Let me say, so that things are clear, that I wholeheartedly support the man. Someone may disagree, because, after all, Yom HaShoah isn’t Yom Kippur. Yet those that perished should be remembered, while those that survived the flames of the gas chambers to tell the story of Nazi atrocities should be respected and, if singing is considered to be a disrespectful act, one should simply and politely shut their mouth. To my surprise, not everyone shared similar sentiments.
-You won’t f*cking tell me what I can or can’t do! Motherf*cker! – yelled a female voice from above.
I froze, sickened. My insides turned upside down and I felt sorry for the man, who, baffled, stopped yelling and left the battlefield defeated. Because, how does one fight such ignorance and disrespect? With words? With tears? By raising their voice by an octave?
I was born and raised in Poland; a country which housed a number of concentration camps; a country, where our history teachers practiced complete denial of any involvement of the Poles in the mass extermination of the Jewish population; a country, where almost every other corner features a star of David, painted for reasons very much unrelated to sympathy; a country, where since most recent terrorist attacks in October in Israel, the amount of vandalism of Jewish businesses soared through the roof; and a country where private individuals take it upon themselves to track down Jews and their properties in order to cause grief and bring financial loss.
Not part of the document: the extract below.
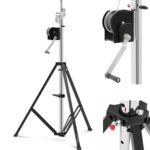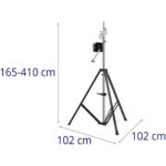 Statyw marki Singercon sprawdzi się na scenie, obok stanowiska DJ-a, w sali imprezowej lub w teatrze. Jego nośność wynosi 80 kg. Wysuwany element statywu oświetleniowego można zamocować na wysokości 1,65-4,1 m za pomocą śrub. Dzięki średnicy 1700 mm sprzęt jest dobrze wyważony po rozłożeniu, nawet przy maksymalnym obciążeniu. Zawsze zapewnia stabilne oparcie. Trzy nylonowe nakładki na nóżkach chronią podłogę, a także zapobiegają ślizganiu. Składana i wysuwana konstrukcja oraz niewielka waga pozwalają z łatwością przewieźć statyw na każdą imprezę. Srebrna rama wykonana ze stali z aluminiową podstawą jest nie tylko lekka, ale także szczególnie odporna i trwała.
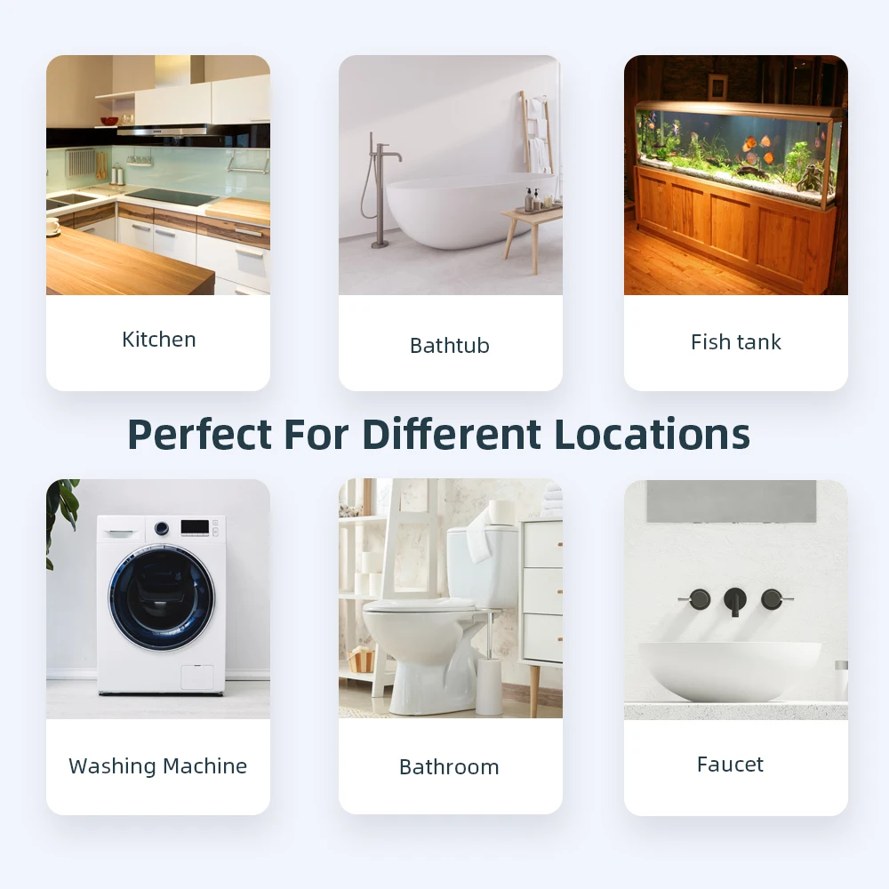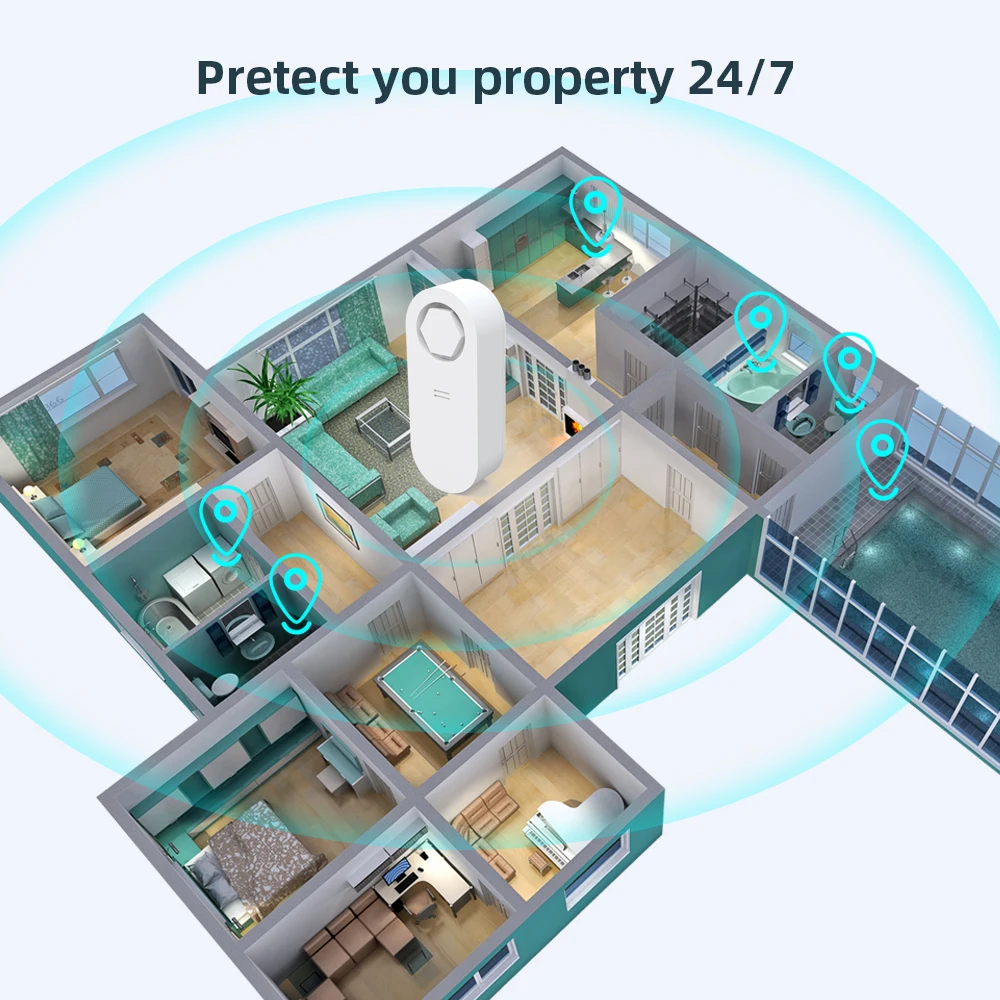 Предупреждения об утечке и утечке: Датчик воды поставляется с 2 группами зондов для заднего детектора воды и 1 группой передних зондов для обнаружения капель труб. Используйте приложение, чтобы назвать каждый датчик.

A few years ago, one of my peers, who was a Pole, asked me if it was true that Jews used blood to make matza for Pesach. In Poland we know that the history is only a little over 60 old. We are only one and a half generations away from the horrors of war.
When the siren went off today not everyone in class felt the need to stand up and pay their respects by remembering what happened during the Shoah, as if the history didn’t affect them in any way.
I understand the lengthy debate about learning from the history versus falling into the mind-set of victimhood. I very much agree with that stance. We should look at our history in order to be able to identify the signs that could potentially lead to another war of that sort. We should know how to protect ourselves. We should know how to educate our children. I doubt we will ever be able to shake off the trauma of what happened, but I agree that we should instead focus on our future, forming a symbiotic unity between then and now.
Living in Israel makes the need for development and focusing on both present and future an even a more pressing matter. The shadow of “ghetto Jews” has been replaced by proud and driven young individuals who want their nation to succeed and their families to be safe.
But does that require spitting in the faces of those whose hearts break in half each time Yom HaShoah approaches? Is “f*ck you, motherf*cker” really the answer of this generation?